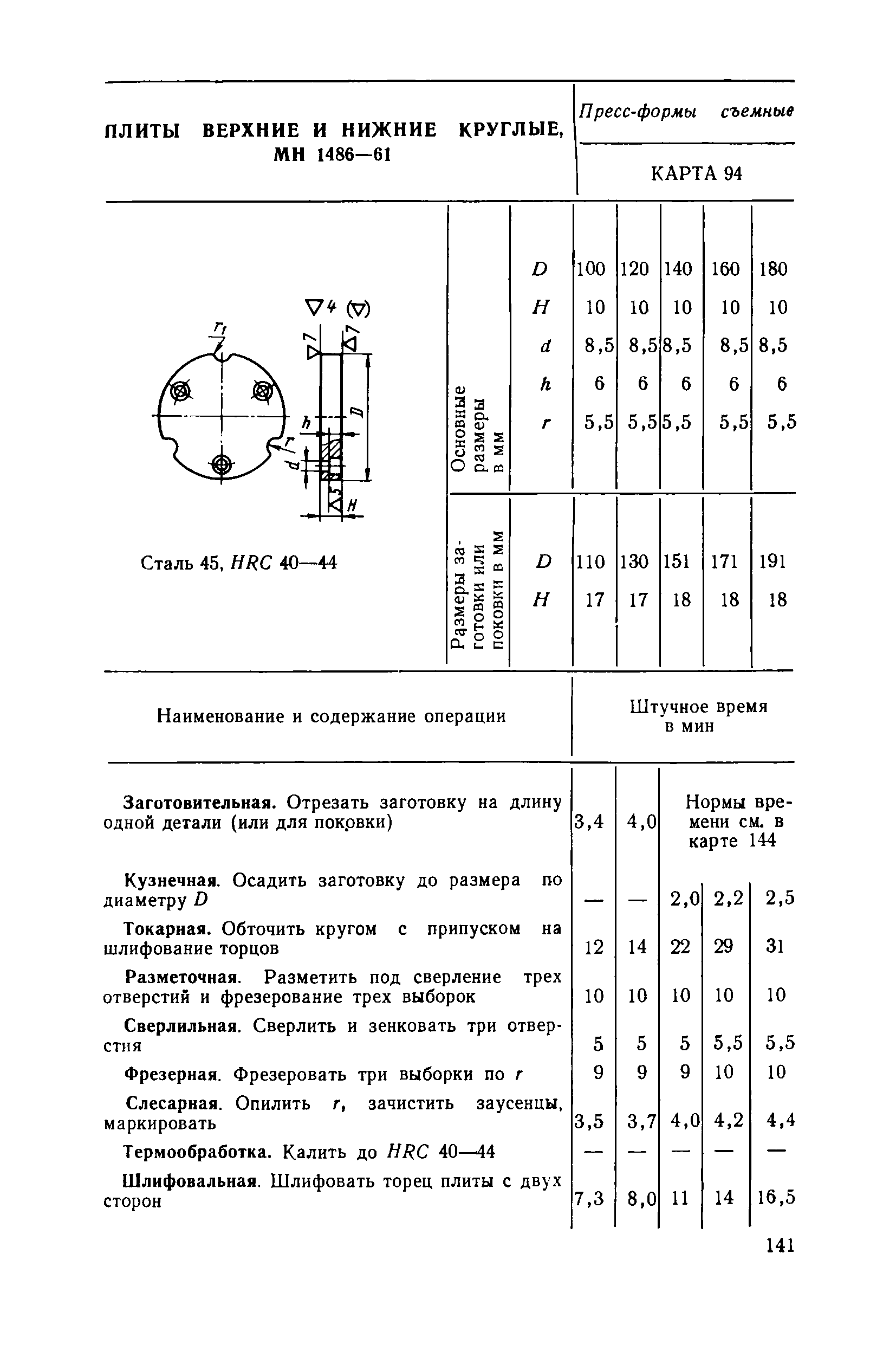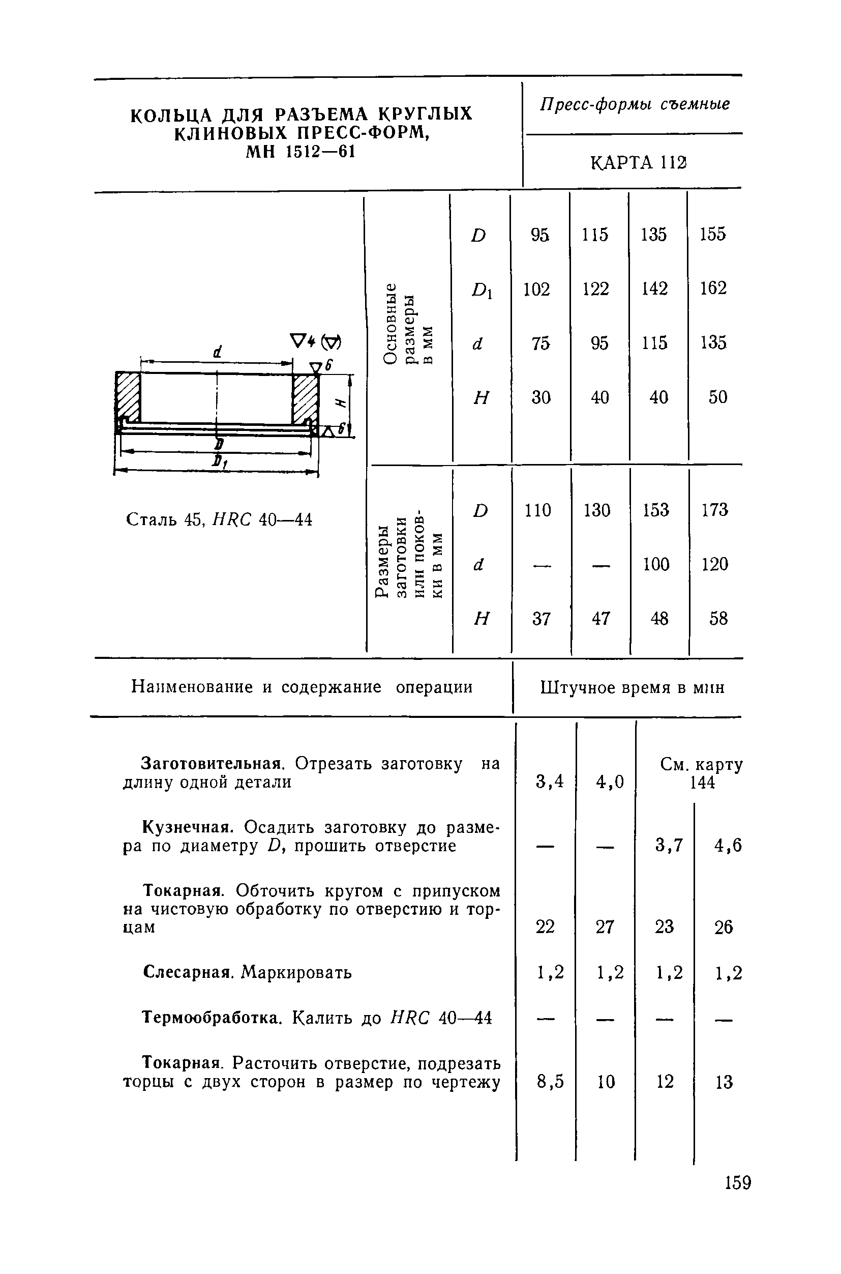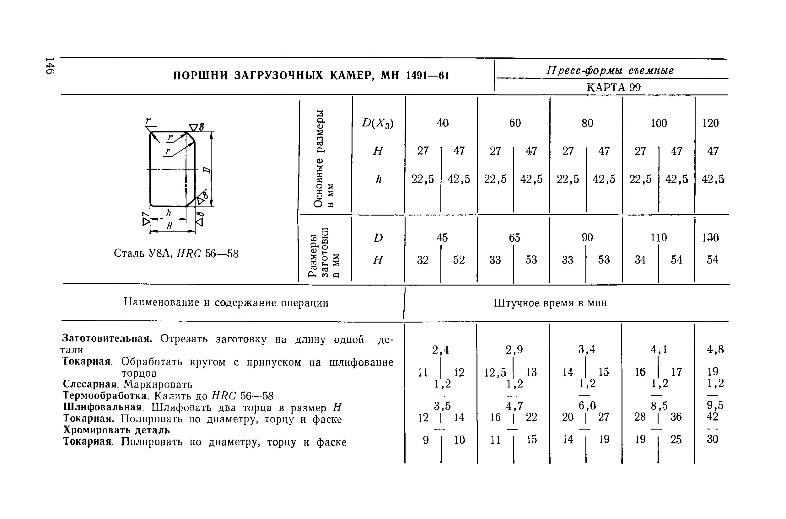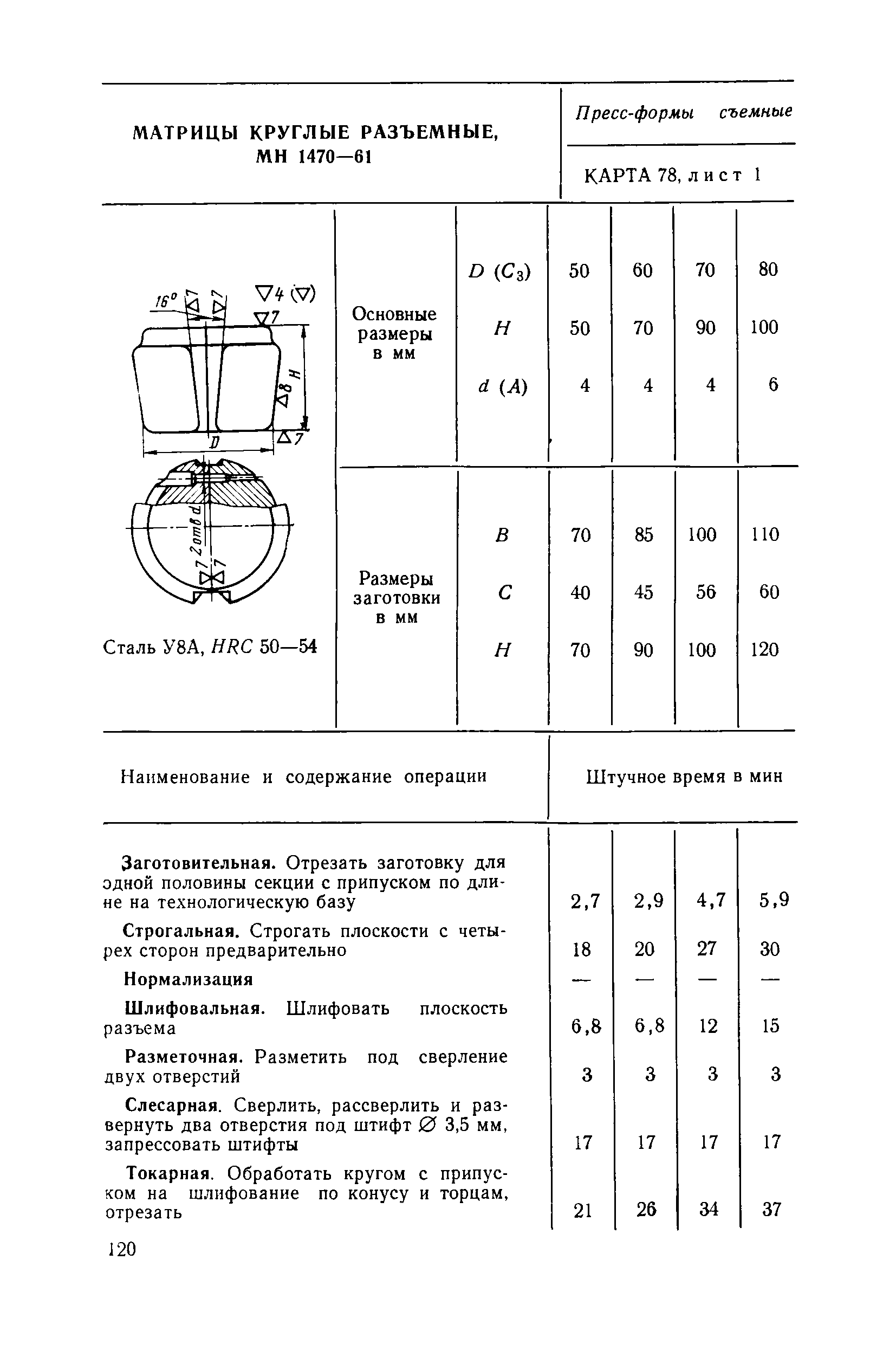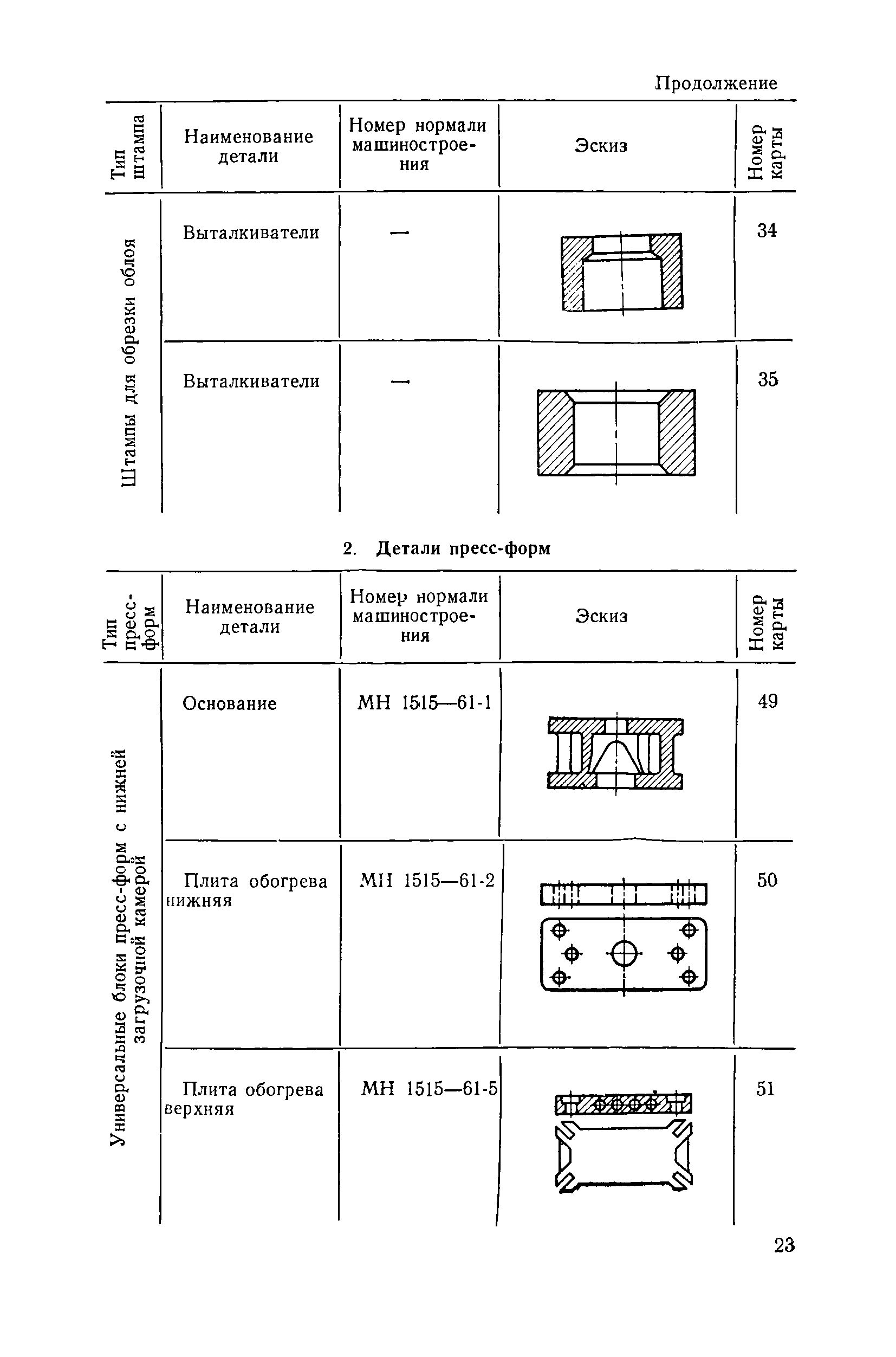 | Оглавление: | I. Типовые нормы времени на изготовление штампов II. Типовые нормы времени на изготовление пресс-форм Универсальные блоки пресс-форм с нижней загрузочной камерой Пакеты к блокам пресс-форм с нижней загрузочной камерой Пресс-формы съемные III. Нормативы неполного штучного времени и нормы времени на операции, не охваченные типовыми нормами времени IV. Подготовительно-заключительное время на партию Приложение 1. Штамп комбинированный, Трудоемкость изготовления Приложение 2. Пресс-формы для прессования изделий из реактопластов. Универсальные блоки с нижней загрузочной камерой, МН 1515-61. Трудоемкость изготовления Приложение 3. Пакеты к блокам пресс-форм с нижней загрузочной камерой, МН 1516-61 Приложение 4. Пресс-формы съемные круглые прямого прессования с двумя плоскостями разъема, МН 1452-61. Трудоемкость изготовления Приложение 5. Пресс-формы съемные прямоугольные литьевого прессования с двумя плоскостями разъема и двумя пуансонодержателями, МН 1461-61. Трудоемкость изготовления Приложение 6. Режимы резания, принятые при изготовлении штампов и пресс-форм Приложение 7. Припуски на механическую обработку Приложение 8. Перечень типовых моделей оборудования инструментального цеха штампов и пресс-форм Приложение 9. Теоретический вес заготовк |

==

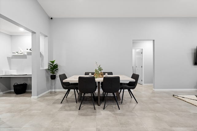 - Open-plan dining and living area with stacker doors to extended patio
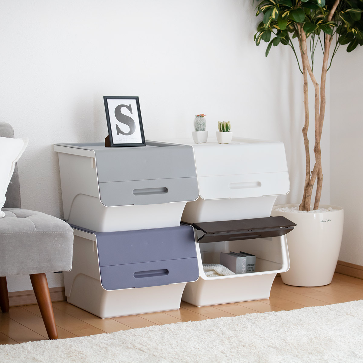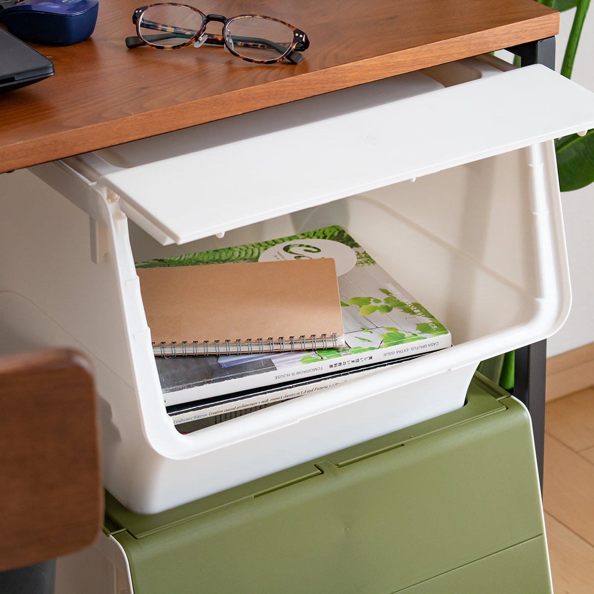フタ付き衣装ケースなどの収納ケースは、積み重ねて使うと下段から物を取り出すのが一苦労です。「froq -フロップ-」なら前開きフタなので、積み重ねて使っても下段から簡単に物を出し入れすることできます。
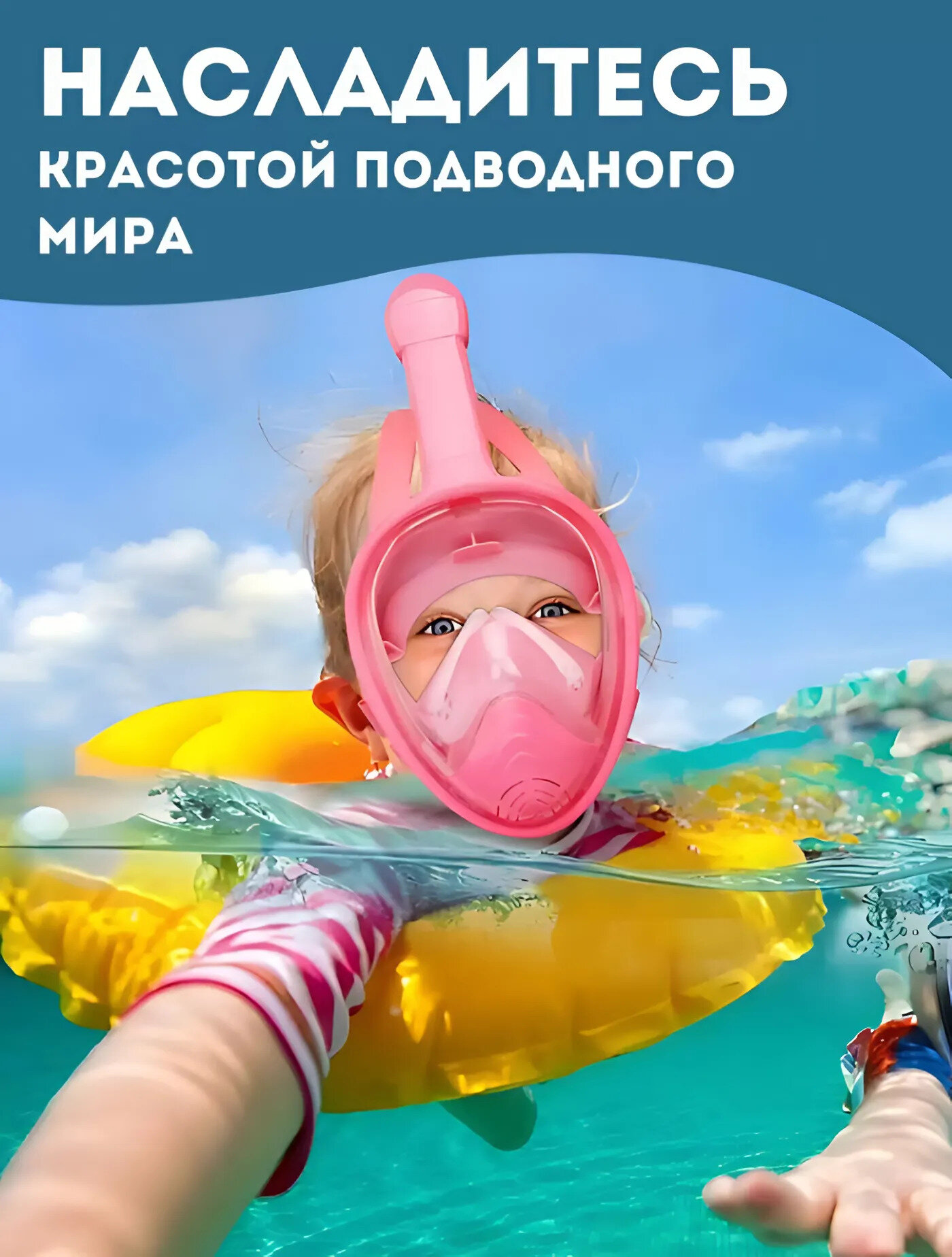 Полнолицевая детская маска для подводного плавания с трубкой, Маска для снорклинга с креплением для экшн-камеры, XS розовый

# Your instructions:
Write down exactly what the lines above say, from the line holding "フタ付き衣装ケースなどの収納" through the line holding "Полнолицевая детская маска", and nothing more. Do not copy the pictures.

# Response to the exercise:
フタ付き衣装ケースなどの収納ケースは、積み重ねて使うと下段から物を取り出すのが一苦労です。「froq -フロップ-」なら前開きフタなので、積み重ねて使っても下段から簡単に物を出し入れすることできます。
 Полнолицевая детская маска для подводного плавания с трубкой, Маска для снорклинга с креплением для экшн-камеры, XS розовый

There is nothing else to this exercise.